1974 fut son année noire, enfin, disons pas plus maudite que le reste de sa vie. Il vient de divorcer de Ronnie – elle dira qu’il la battait et on veut bien la croire – et est victime d’un grave accident d’où il ressort littéralement en morceaux, à ramasser à la petite cuiller, avec des centaines de points de suture au visage et sur le crâne. De là le port constant de la perruque (il en aura des centaines, toutes plus tartignolles les unes que les autres). Un miraculé, sorte de Frankenstein pop dont Brian De Palma s’inspirera pour son Phantom Of The Paradise.

Il revient pour le Rock’n’Roll de Lennon, mais les choses se passent mal d’emblée. Spector, maniaco-dépressif (ou bipolaire) sort son flingue comme pour rire, il ne supporte pas l’entourage de Lennon et estime qu’on ne fait pas assez cas de lui. Il quitte le studio avec des bandes enregistrées que Lennon aura toutes les peines à récupérer, mais la collaboration s’arrêtera là et les frasques de Spector deviennent de notoriété publique. Il en est réduit à enregistrer avec Dion (ex Dion & the Belmonts), histoire de garder la main, mais ses rares tentatives pour réapparaître en majesté échouent lamentablement. Il a choisi la nuit.

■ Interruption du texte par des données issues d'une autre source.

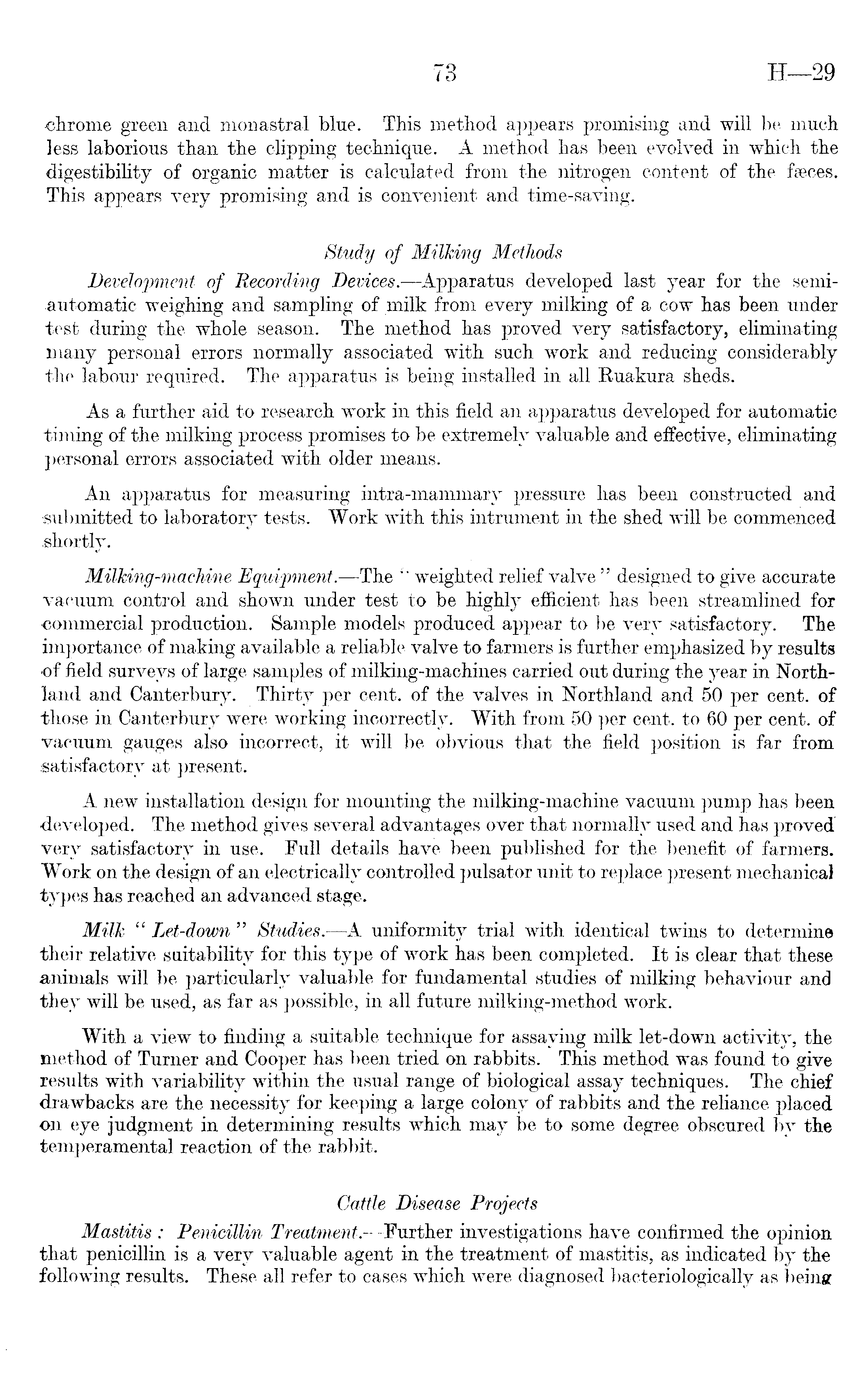 «hrome green and monastral blue. This method appears promising and will be much less laborious than the clipping technique. A method has been evolved in which the digestibility of organic matter is calculated from the nitrogen content of the faeces. "This appears very promising and is convenient and time-saving. Study of Milking Methods Development of Recording Devices. —Apparatus developed last year for the semiautomatic weighing and sampling of milk from every milking of a cow has been under test during the whole season. The method has proved very satisfactory, eliminating many personal errors normally associated with such work and reducing considerably the labour required. The apparatus is being installed in all Kuakura sheds. As a further aid to research work in this field an apparatus developed for automatic timing of the milking process promises to be extremely valuable and effective, eliminating personal errors associated with older means. An apparatus for measuring intra-mammary pressure has been constructed and submitted to laboratory tests. Work with this intrument in the shed will be commenced shortly. Milking-machine Equipment. —The '' weighted relief valve " designed to give accurate vacuum control and shown under test to be highly efficient has been streamlined for commercial production. Sample models produced appear to be very satisfactory. The importance of making available a reliable valve to farmers is further emphasized by results of field surveys of large samples of milking-machines carried out during the year in Northland and Canterbury. Thirty per cent, of the valves in Northland and 50 per cent, of those in Canterbury were working incorrectly. With from 50 per cent, to 60 per cent, of vacuum gauges also incorrect, it will be obvious that the field position is far from satisfactory at present. A new installation design for mounting the milking-machine vacuum pump has been •developed. The method gives several advantages over that normally used and has proved very satisfactory in use. Full details have been published for the benefit of farmers. Work on the design of an electrically controlled pulsator unit to replace present mechanical types has reached an advanced stage. Milk " Let-down " Studies. —A uniformity trial with identical twins to determine their relative suitability for this type of work has been completed. It is clear that these animals will be particularly valuable for fundamental studies of milking behaviour and they will be used, as far as possible, in all future milking-method work. With a view to finding a suitable technique for assaying milk let-down activity, the method of Turner and Cooper has been tried on rabbits. This method was found to give results with variability within the usual range of biological assay techniques. The chief drawbacks are the necessity for keeping a large colony of rabbits and the reliance placed on-eye judgment in determining results which may be to some degree obscured bv the temperamental reaction of the rabbit. Cattle Disease Projects Mastitis : Penicillin Treatment.- —Further investigations have confirmed the opinion that penicillin is a very valuable agent in the treatment of mastitis, as indicated by the following results. These all refer to cases which were diagnosed bacteriologically as beinsr

Leonard Cohen le prend quand même pour son Death Of A Ladie’s Man (1977), mais là aussi, tout se dérègle et Cohen raconte que Spector le tenait parfois en joue en l’assurant qu’il l’aimait. Il interdit à Cohen l’accès de la salle de mixage et sera quand même crédité, même si le chanteur reniera l’album. En 1980, ce sont les Ramones qui ont le malheur de faire appel à ses services pour End Of The Century, désireux de ressusciter le mythe. Dee Dee Ramone, le bassiste, dira que Spector l’a obligé à jouer au piano « Baby I Love You » toute une nuit en le menaçant, là aussi, d’un revolver. Une manie. Il se demande encore qui joue de la basse sur certains morceaux du disque.

Il est ensuite question d’une collaboration avec Céline Dion qui capotera, car Spector s’enfonce dans la psychose. « On apprend pas la musique à Mozart », se serait-il écrié avant de quitter le studio. À ce stade, il a depuis longtemps déserté l’actualité culturelle pour celle des faits divers et les tabloïds californiens font un feuilleton de ses frasques. Jusqu’au meurtre, au bout d’une autre nuit d’excès, d’une actrice de série B, Lana Clarkson, qu’il niera toujours, plaidant pour un suicide. Après un premier procès où le jury n’est pas unanime à le condamner, ce qui ne l’empêche pas de connaître la prison pour port d’armes prohibé, il n’y coupe pas en 2009 ; reconnu coupable et condamné à 15 ans de prison.

Le cancer qui vient de l’emporter aura été le seul motif de sa remise de peine et le fantôme du studio de l’étoile d’or pourra s’acheminer vers l’enfer des géants où doivent lui avoir donné rendez-vous Richard Wagner et Elvis Presley, ses maîtres.

(1) : ROCK DREAMS – Bye Bye Baby Bye Bye – Guy Pellaert et Nick Cohn – Albin Michel – 1973.